Number of triplets for which $\gcd(a,b,c)=1$ and $c=n$

Question

As stated in A123323:

Number of triples a,b,c with a<=b<=c<a+b, gcd(a,b,c)=1 and c=n.
......
A123323(n)=sumdiv(n, d, floor((d+1)^2/4)*moebius(n/d))

How to get this formula and how Moebius transformation works? Thanks.

Answer 1

The Möbius function $\mu$ is defined as $$\mu(n) = \cases{0 & \text{if $n$ is not squarefree}\\1 & \text{if $n$ has an even number of prime divisors} \\ -1 & \text{if $n$ has an odd number of divisors}}$$ A priori, it's not immediately obvious why we should study a function such as this. I mean it is rather exotically defined. However, it turns out that this function is deeply connected to many parts of mathematics, in particular number theory and combinatorics, and finds many uses, such as Möbius inversion.

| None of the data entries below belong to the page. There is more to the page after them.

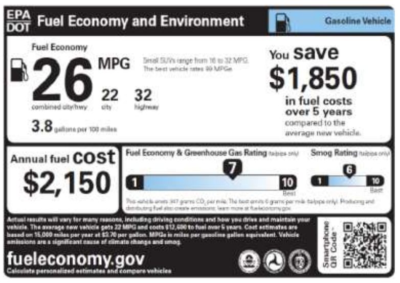
Figure 1: A sample gasoline fuel economy and environment label. Source: http://www.epa.gov/otag/carlabel/

Annual fuel cost —The estimated fuel cost for a year, based on the assumptions in the fine print: cost is based on 15,000 miles per year at $3.70 per gallon.
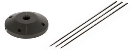
Includes three 7 inch threaded stainless steel stabilizing pins for ground mounting or surface mounts with four screws or over a junction box
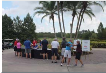
The sign up crew does their magic
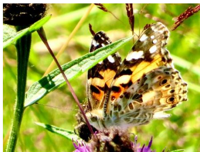
Painted Lady on The Hook in 2022

The other species recorded, in smaller numbers, are: Green Veined White, Large Skipper, Essex Skipper, Red Admiral, Common Blue, Brimstone and Painted Lady.
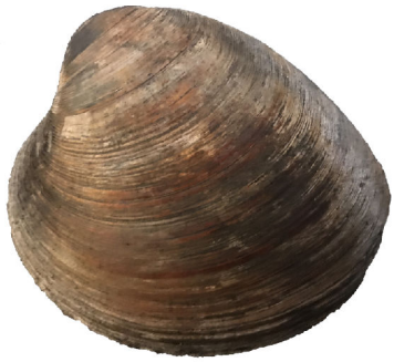
Hard Clam ( Mercenaria mercenaria )
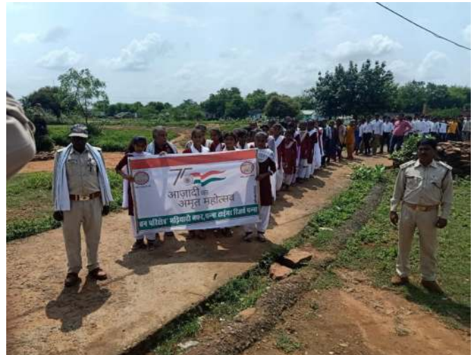
Panna Tiger Reserve's awareness rally attended by school students
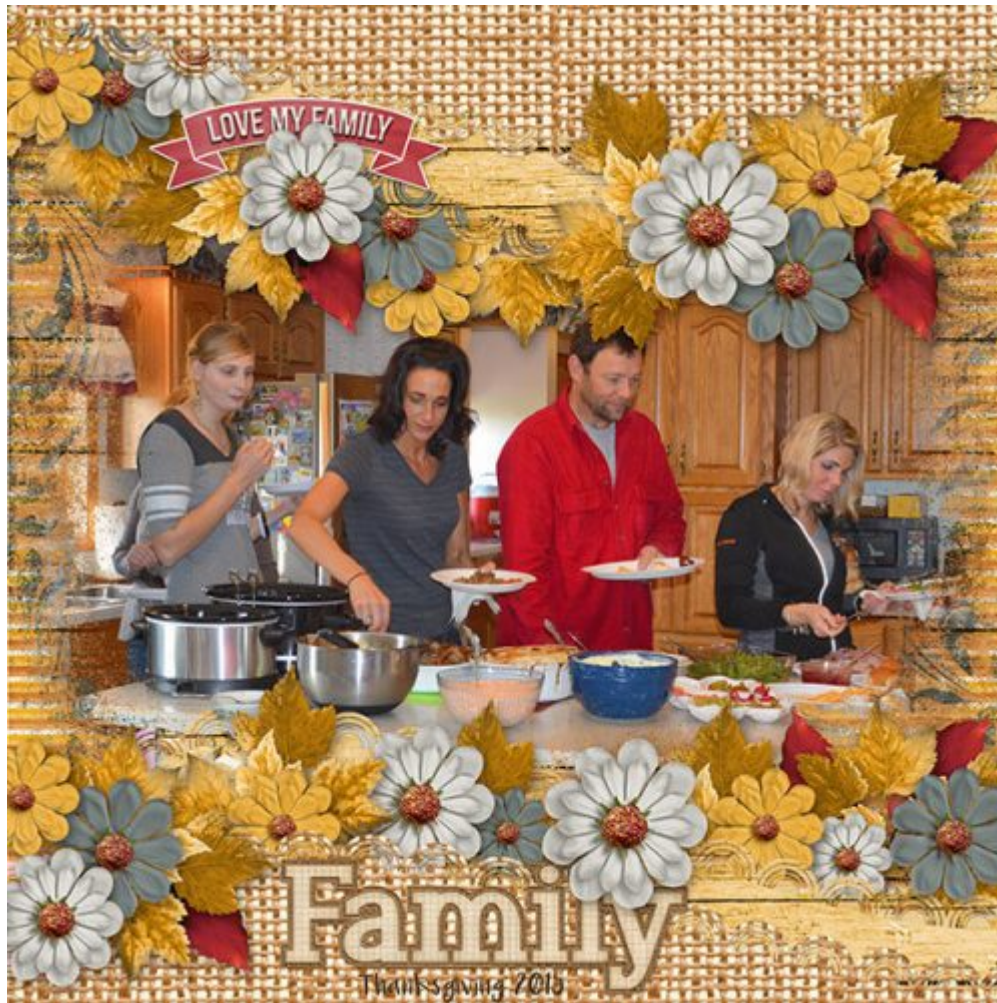
Layout by Joyce
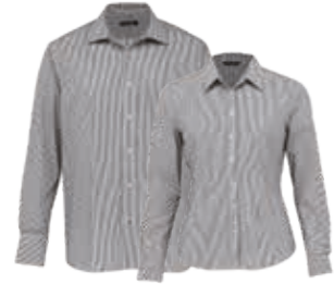
TWS, WTWS: BLACK/WHITE PAGE 46
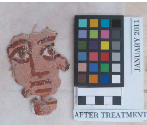
Detail, re-adhered sections of the face
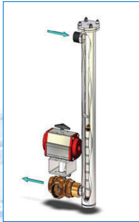
MAGNETIC CORE IN SEPARATION MODE
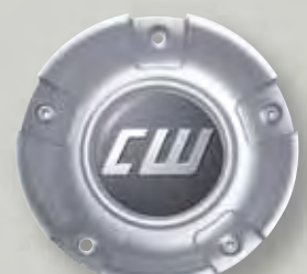
Best.-Nr.: 43304 Design CWB 9x20, 10x22
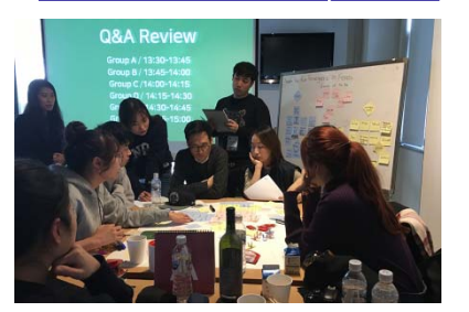
The joint workshop at Yonsei University, Korea

High quality workshops, which are in cooperation with partner universities, private businesses, and public offices, are implemented. Quality is ensured by mandating that each partner university send at least one faculty member to each workshop and requiring participants to study before and after each workshop. Afterwards, students who participate in the workshops are given a certificate of completion as well as credits after their work is graded. At Chiba University, all the courses offered in this program are considered graduate-level general education subjects and are registered as common courses among graduate schools.
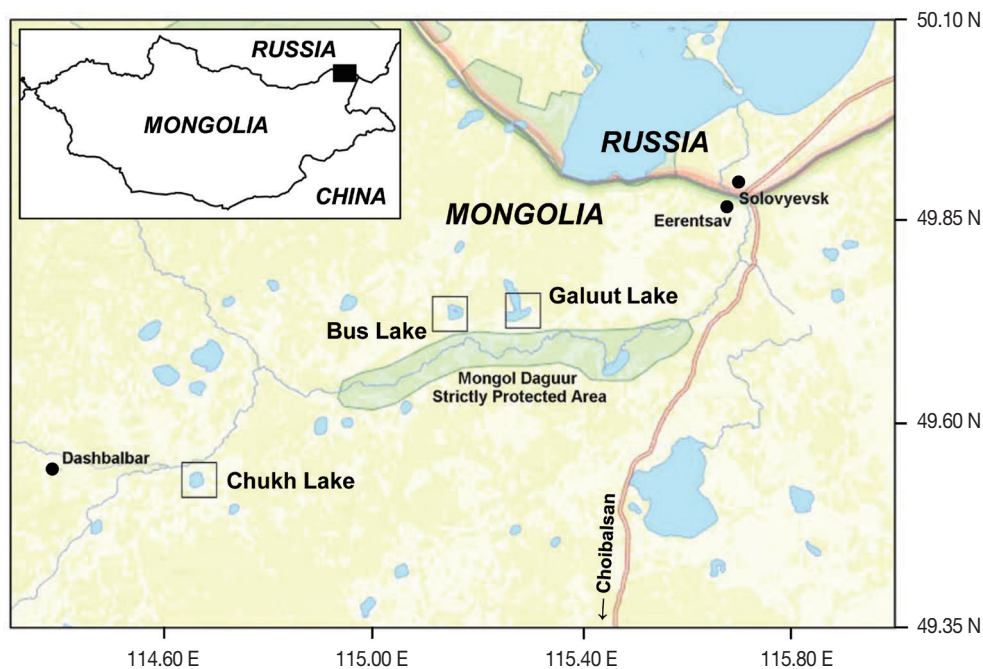
Fig. 1. Location of study sites in northeastern Mongolia where wild swan geese were sampled for parasitic lice in 2014.

From 27 to 31 July in 2014, we captured 14 swan geese at 3 lakes in northeastern Mongolia (Fig. 1) using standard dip-netting and corral trap techniques during the molting period [8,15]. We applied 70% ethyl alcohol to wet neck feathers for disease surveillance through blood sampling [15], and briefly searched head, neck, and breast of geese for lice running out of the plumage of the alcohol-applied and restrained geese.
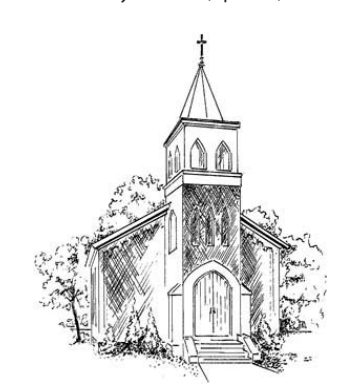
St. Stanislaus, Chatsworth Sunday 9:00 am
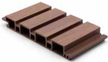
Biowood Castellated Board WPO18025A

180 x 35 x 5850 mm 180mm actual cover Weight: 10.20 kg/m 2
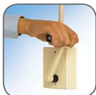
Steel Cable Winder (Up To 50Kg)*
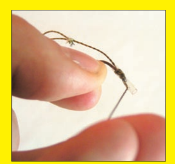
9. Pull the eye of the hook into the shrink tube
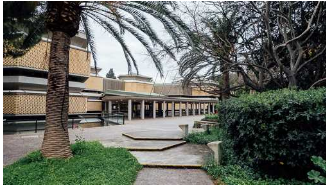
Paolo Orsi Museum
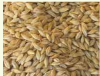
W313 BARLEY, RYE AND SMALL-GRAIN RICE
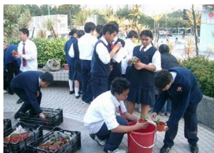
“One Person One Plant” Campaign
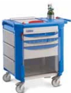
Basic Cart with side bins and tank holder
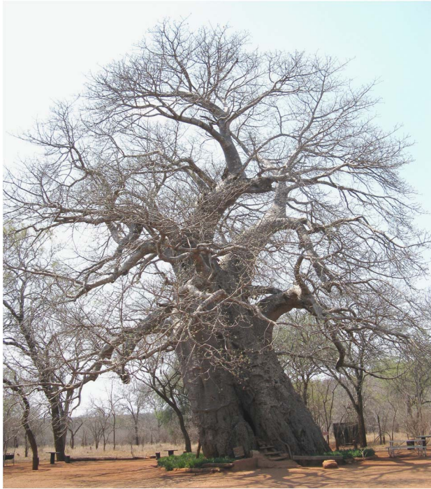
Figure 4 The leaning Leydsdorp baobab has a closed ring-shaped structure, defined by three perfectly fused stems, that close a false cavity; the cavity was used in the past as a bar. The old tree rises solitary in Mpumanalanga, South Africa.
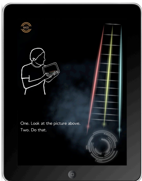
Figure 5. Magic Fiddle shows a user how it likes to be held.
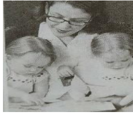
Figure 4. 1. b. 3. Caring the Child

The picture showed that the female behavior appeared to be caring the child. It called stereotype to female in behavior because the behavior aimed to female. On the other hand, female defined as a lovely person how the picture above.
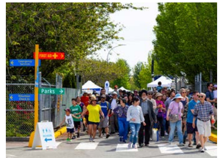
Opening of the gates at 11:00 a.m.
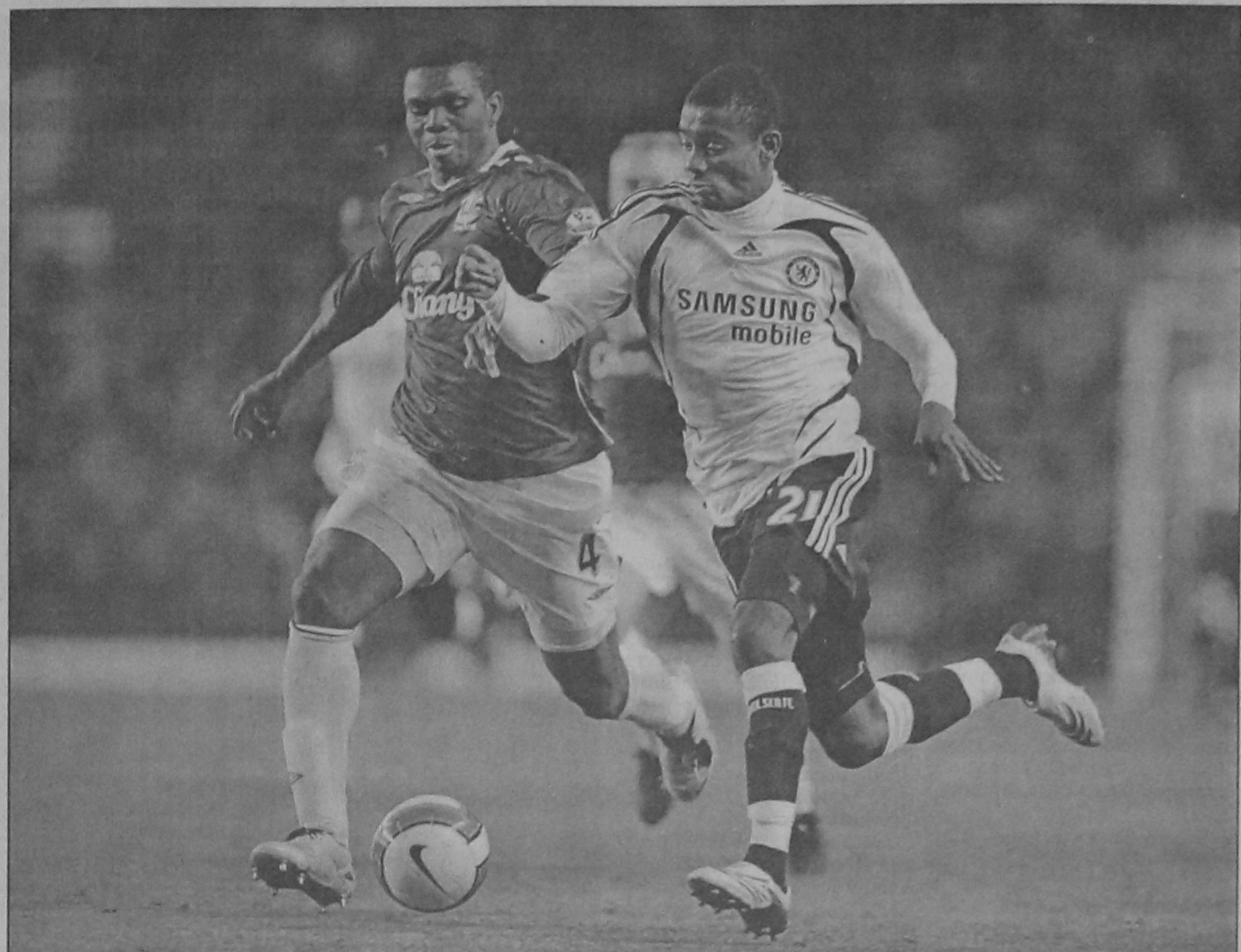
Chelsea forward Salomon Kalou (R) tries to get past Everton defender Joseph Yobo during their Premiership encounter at Goodison Park on Thursday.

It was the nearest Everton came to levelling the match yet the way Chelsea's players celebrated at the final whistle proved how relieved they were to emerge with three points.

What we will see is that the number of non-degenerate integer triangles is intimately related to the number of coprime integer triangles. We shall see that the two counts are related through Möbius inversion, which is precisely why the Möbius transformation shows up. There are many resources available on Möbius inversion so I will not elaborate on it. Instead, I will jump right into its use.

Note that the floor term in your sum actually counts the total number of non-degenerate$^1$ integer triangles with max side length $c=n$, which we will denote as $g(n)$: $$g(n) = \left\lfloor \frac{(n+1)^2}{4} \right\rfloor$$ Proving this fact will take us too far afield, so I will simply provide a reference.

The key insight here is that each triangle has a particular $\gcd$. Let $f_d(n)$ count the number of integer triangles with max side length $c=n$ and $\gcd(a,b,c) = d$. Then we have the relation $$g(n) = \sum_{d\mid n} f_d(n)$$ This simply says that each triangle has a particular value for its $\gcd$, which necessarily must divide $c=n$. Note that $f_1(n)$ is the value we want, which counts the number of such triangles with coprime sides.

Now, a triangle $(a,b,c)$ has $\gcd(a,b,c)=d$ if and only if the triangle $\left(\frac{a}{d},\ \frac{b}{d},\ \frac{c}{d}\right)$ is coprime. This means that $$f_d(n) = f_1\left(\frac{n}{d}\right)$$ But this allows us to express $g$ solely in terms of $f_1$: $$g(n) = \sum_{d\mid n}f_1\left(\frac{n}{d}\right)$$ This is precisely the condition which allows us to apply Mobius inversion. So we then get $$f_1(n) = \sum_{d\mid n}g(d)\mu\left(\frac{n}{d}\right) = \sum_{d\mid n}\left\lfloor \frac{(d+1)^2}{4} \right\rfloor\mu\left(\frac{n}{d}\right)$$ which is precisely the formula we were after.

$^1$ This sequence actually counts only non-degenerate (i.e. not collapsed into a line) integer triangles with coprime sides. This is required by the strict inequality $c < a+b$. Interestingly, if the inequality were not strict, then you would replace $d+1$ by $d+2$ in the floor function.